As previously discussed, fatigue knows no limits when it comes to human activities (Enoka and Duchateau, 2016). Driver drowsiness warrants special attention because it plays a significant role in traffic accidents and safety (Brown, 1994; Lal and Craig, 2001; Zhang et al., 2016). Many metrics have demonstrated to be valid in assessing drivers’ cognitive states. Electroencephalography (EEG) and event-related potentials (ERP), optical imaging for cerebral blood flow, blood pressure (BP), electromyography (EMG), thermal imaging, HRV, and pupillometry are only a few examples (Lohani et al., 2019). HRV monitoring technology is critical in the early diagnosis of alertness and weariness in drivers. Their evaluation and quantification are required to reduce the dangers connected with a weary operator’s irregular performance (Egelund, 1982; Patel et al., 2011; Lin et al., 2018). Future research and practical technologies implementation faces the difficulty to suggest a fatigue management strategy that is time efficient, affordable, and objective. Smartphones and app development appear to have a lot of potential to withstand such a challenge. Mobile Health (mhealth) is a reality with a bright future in the treatment of pain, psychological distress, weariness, and sleep (Hernandez Silva et al., 2019). There are currently apps that use self-report and test measurements to detect fatigue in clinical populations (Mäcken et al., 2021). In addition, real-time facial and eye tracking is being used in drivers (Abulkhair et al., 2015). BAlert is a pioneering tool in terms of implementing objective psychophysiological fatigue metrics through a smartphone app (De La Vega et al., 2021b).

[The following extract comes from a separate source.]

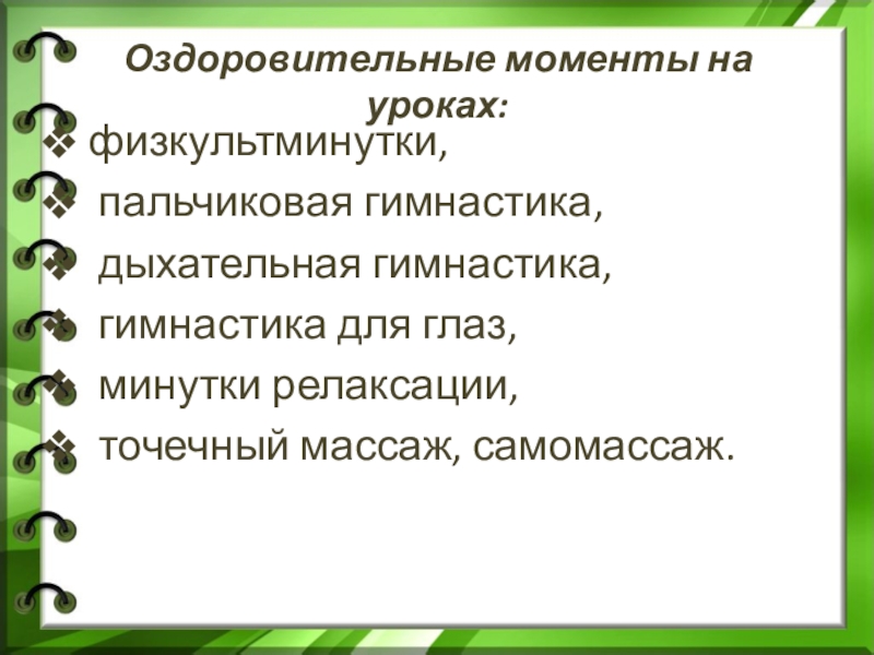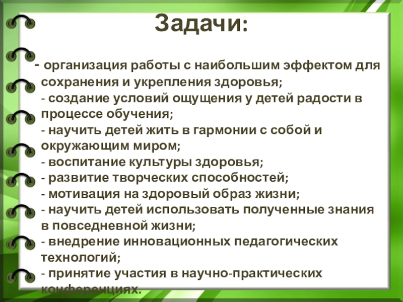 - организация работы с наибольшим эффектом для сохранения и укрепления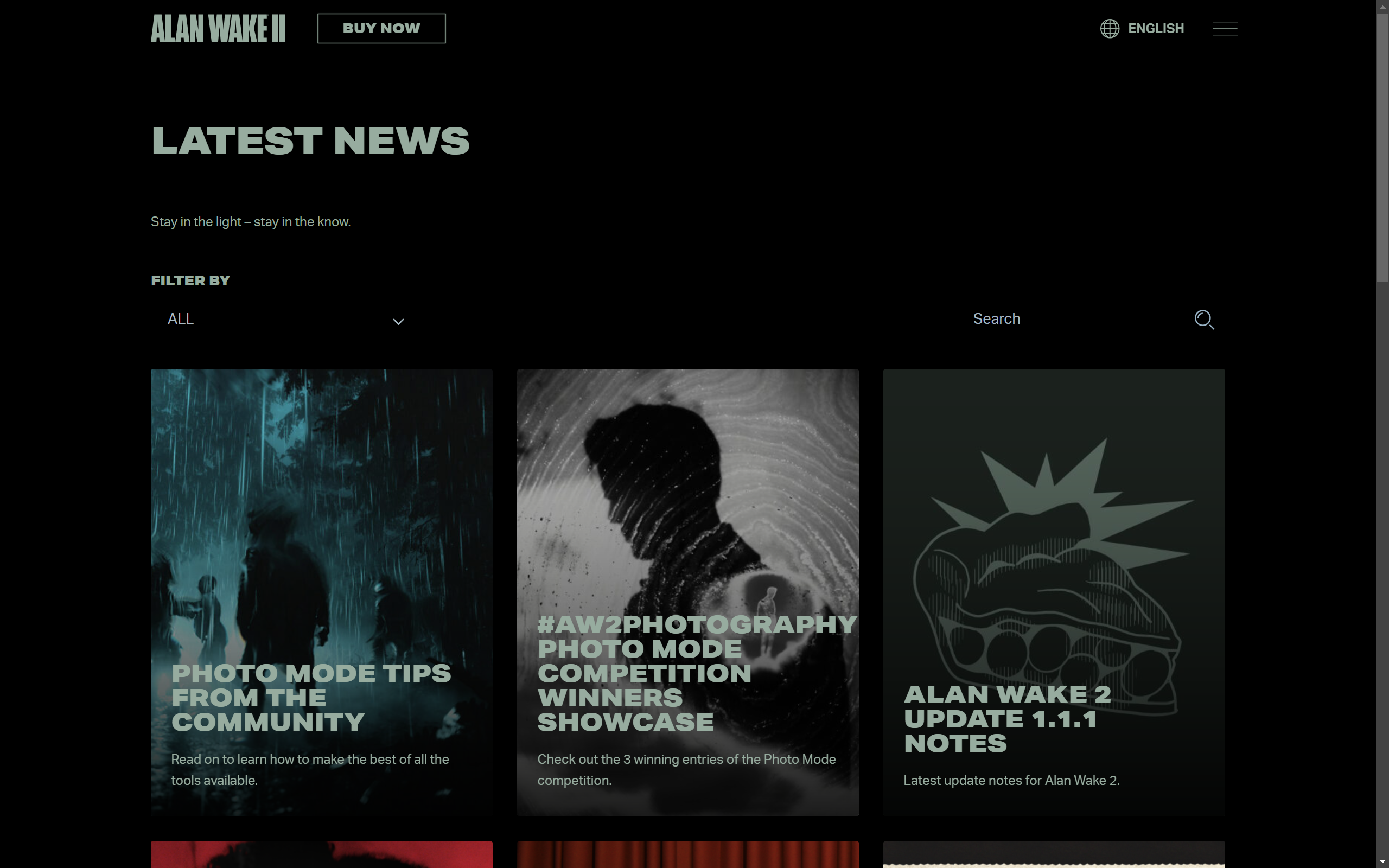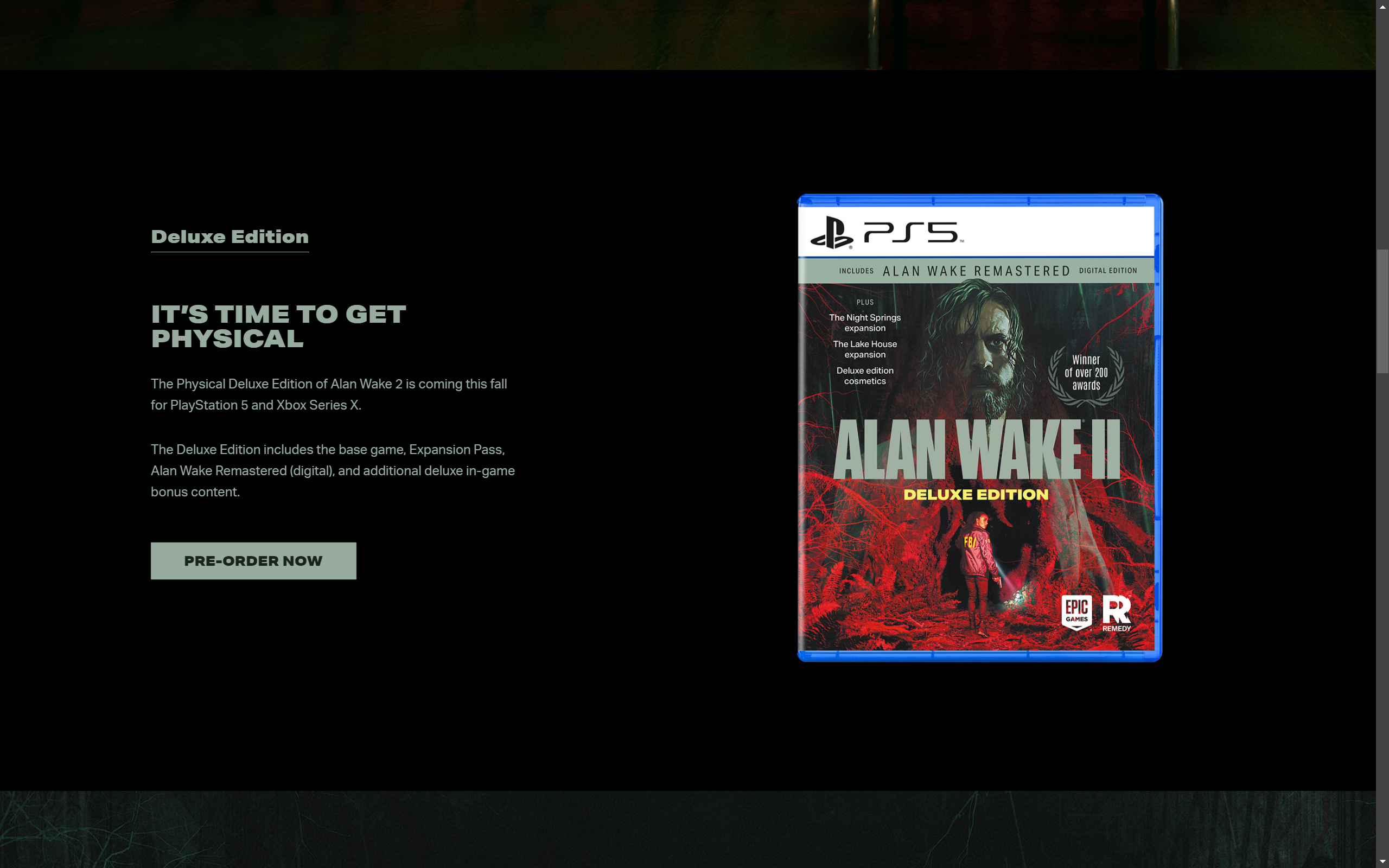 The first thing that stuck out to me is the brand color of Alan Wake 2. It’s a strange washed-out green that is used on all branding, including in-game. It could be a reference to the many dense forests you find yourself in when playing the game, but with how washed out it is, there might be something deeper. It certainly gives their branding a strange atmosphere.

Despite the great value of these apps, more research is needed to ensure that they continue to provide real benefits to their users. As a result, the primary goal of this study was to determine if there are gender disparities in fatigue parameters among professional drivers using the BAlert app.

Materials and methods

Experimental design and participants

This study followed a quasi-experimental design (Montero and León, 2007). The tasks were fulfilled by a total of 2,331 professional drivers (i.e., BAlert). It took 2 min to accomplish both tasks. The sample was of 2,252 men (96.6%) aged 44.26 ± 10.997 and 79 women (3.6%) aged 36.11 ± 8.5. It’s important to consider that in this labor sector the participation of women is significantly lower than that of men. This justifies the percentage difference between them, an effect offset by a large sample number. For the collection of the sample, the voluntary help of the workers of the main mining and transport companies in Chile was requested, ensuring the confidentiality of the data and agreeing to collaborate jointly with the human resources departments of each of the companies.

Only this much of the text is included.